[Start of Attachment]

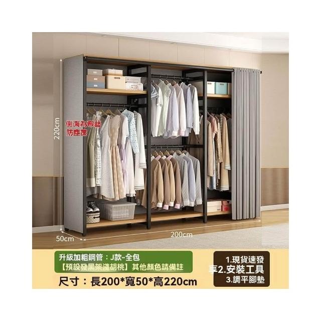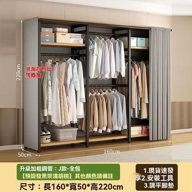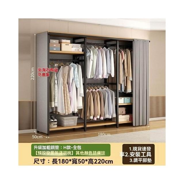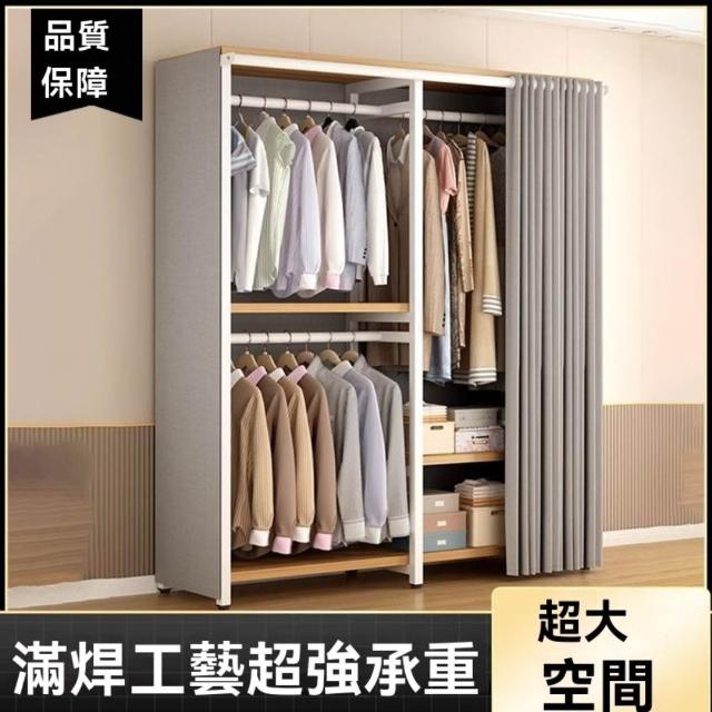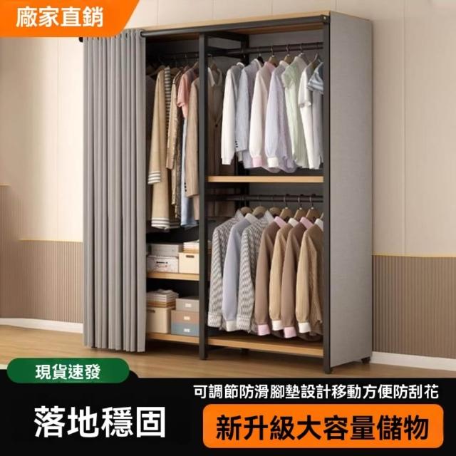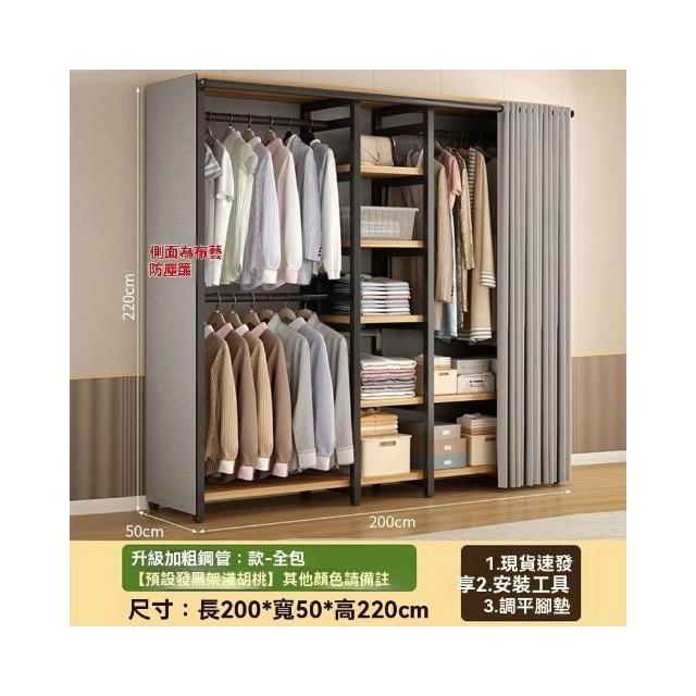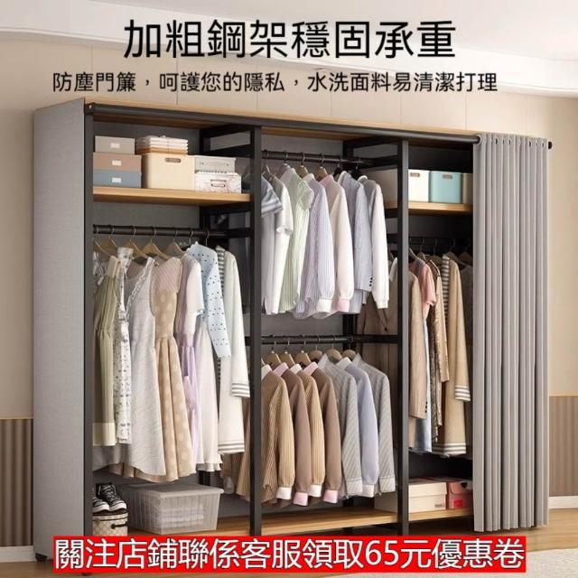 🔥穩固加厚🔥簡易衣櫃 加厚加粗鋼架衣櫃 大容量衣物收納櫃 衣櫥 大衣掛衣櫃 經濟型衣櫃 出租房衣櫃 多分區衣帽架
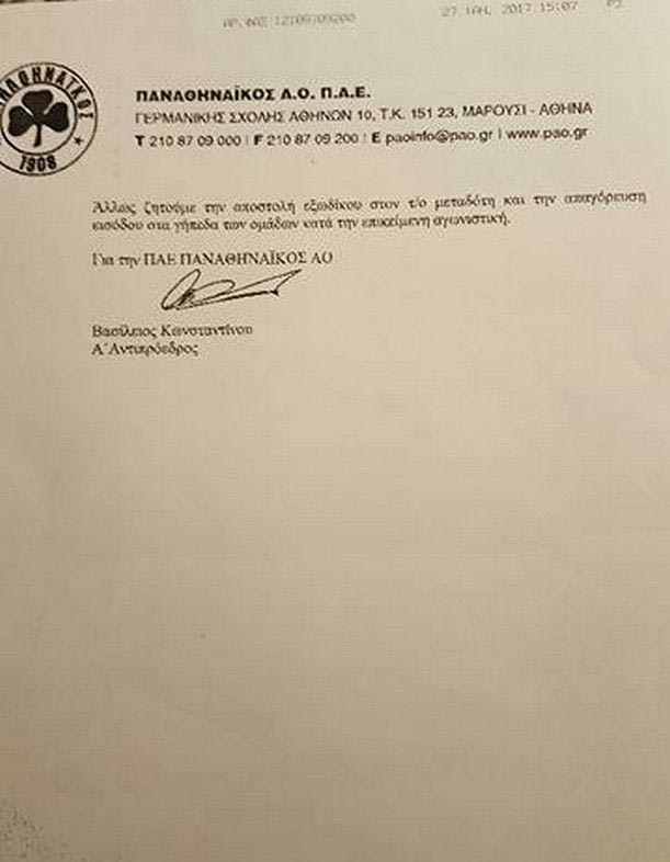 Ιδού η επιστολή που απέστειλλε στη Λίγκα ο Παναθηναϊκός με τις θέσεις του σχετικά με τη διαμάχη του με το συνδρομητικό κανάλι.
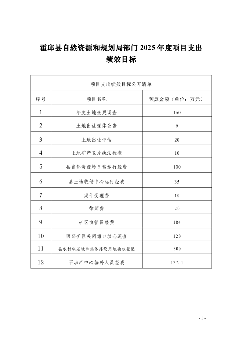 霍邱县自然资源局2025年部门项目支出绩效目标表
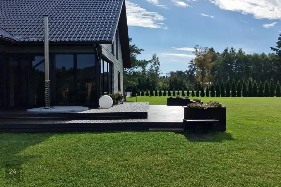 Maja hoovis kasvavad kvaliteetsed Smaragd elupuud ning kaunis roheline muru. Hoov on täielikult ümbritsetud 1,5 m 3d paneelaiaga. Sissesõidutee ja maja ümbrus kaetud tänavakiviga (ca 550m2).
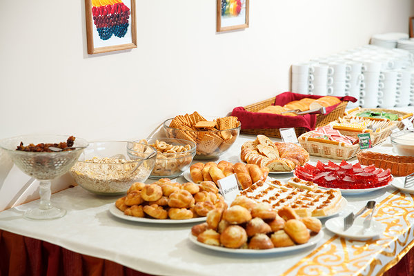 Организация питания в центре — это полноценные разнообразные завтраки и обеды с ужинами в просторном зале основного ресторана «Агат» на 4 этаже корпуса. На местном рынке или в магазинах можно приобрести фрукты, овощи и местные деликатесы самостоятельно.
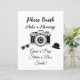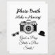 Señal de la cabina de fotos de cámara en blanco y negro. ¡Recuerden, tomen un apoyo y hagan una pose! Signo de boda.
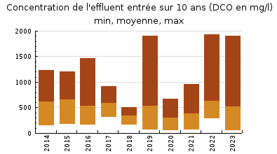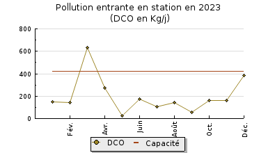 | DBO5 | 54 Kg/j | 24 % | 139 mg/l | 98 % | 1,0 Kg/j | 2,7 mg/l |
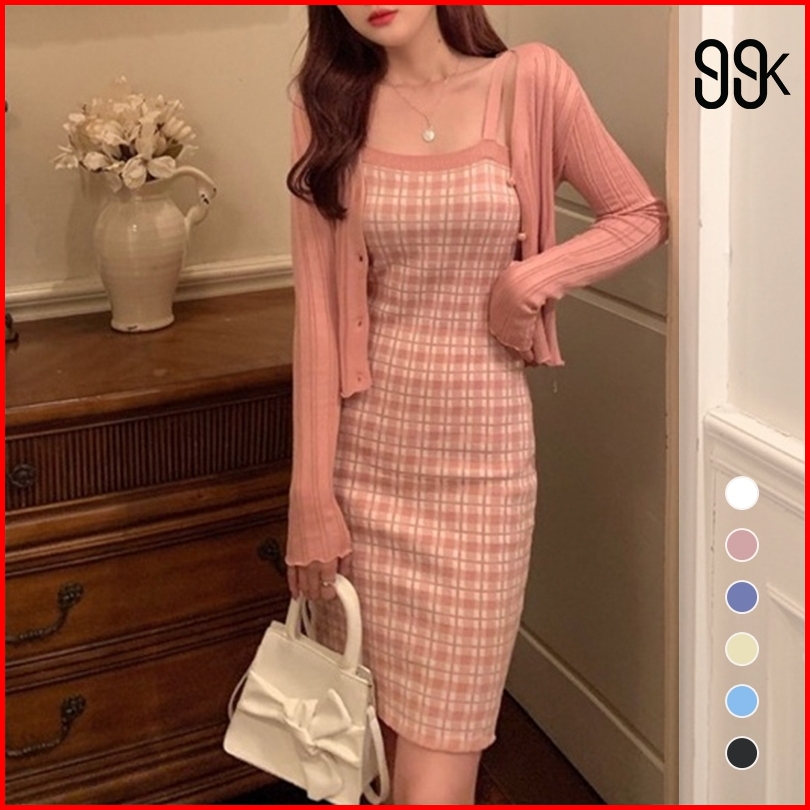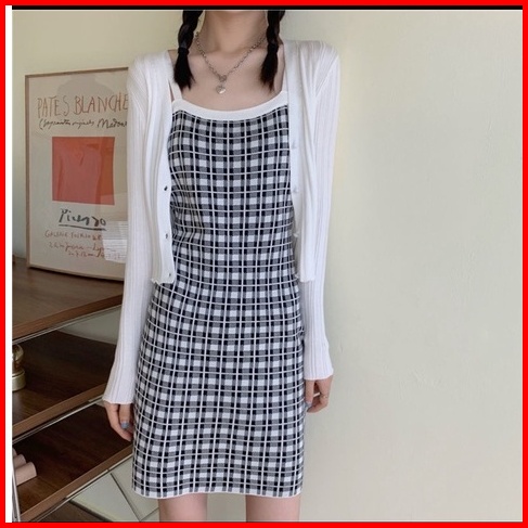 Bodycon Plaid Knitted Mini Dress Without Cardigan 2178
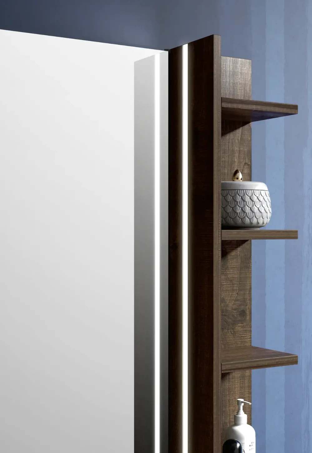 Si aggiunge spazio disponibile grazie ai ripiani dell’elemento pensile a giorno L20x h.96 cm. mod.Flyn con luce a Led incorporata, realizzato in finitura Frassino Moro e abbinato allo specchio mod.Giò L.60 x h.96cm.
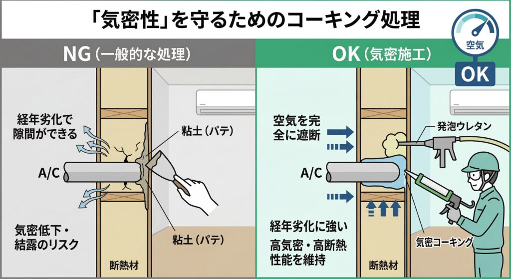 一般的な粘土(パテ)で埋めるだけでは、経年劣化で隙間ができ、そこから隙間風が入ってきます。 一条工務店の高い気密性を維持するためには、「発泡ウレタン」や「気密コーキング」を穴の奥まで充填し、空気の通り道を完全封鎖する必要があります。

[End of Attachment]

> ASSIGNMENT:
The response is to contain exactly the lines from the beginning of the data through the line containing "Bodycon Plaid Knitted", both ends included, and nothing else; omit the pictures.

> TASK RESPONSE:
 🔥穩固加厚🔥簡易衣櫃 加厚加粗鋼架衣櫃 大容量衣物收納櫃 衣櫥 大衣掛衣櫃 經濟型衣櫃 出租房衣櫃 多分區衣帽架
 Ιδού η επιστολή που απέστειλλε στη Λίγκα ο Παναθηναϊκός με τις θέσεις του σχετικά με τη διαμάχη του με το συνδρομητικό κανάλι.
 霍邱县自然资源局2025年部门项目支出绩效目标表
 Maja hoovis kasvavad kvaliteetsed Smaragd elupuud ning kaunis roheline muru. Hoov on täielikult ümbritsetud 1,5 m 3d paneelaiaga. Sissesõidutee ja maja ümbrus kaetud tänavakiviga (ca 550m2).
 Организация питания в центре — это полноценные разнообразные завтраки и обеды с ужинами в просторном зале основного ресторана «Агат» на 4 этаже корпуса. На местном рынке или в магазинах можно приобрести фрукты, овощи и местные деликатесы самостоятельно.
 Señal de la cabina de fotos de cámara en blanco y negro. ¡Recuerden, tomen un apoyo y hagan una pose! Signo de boda.
 | DBO5 | 54 Kg/j | 24 % | 139 mg/l | 98 % | 1,0 Kg/j | 2,7 mg/l |
 Bodycon Plaid Knitted Mini Dress Without Cardigan 2178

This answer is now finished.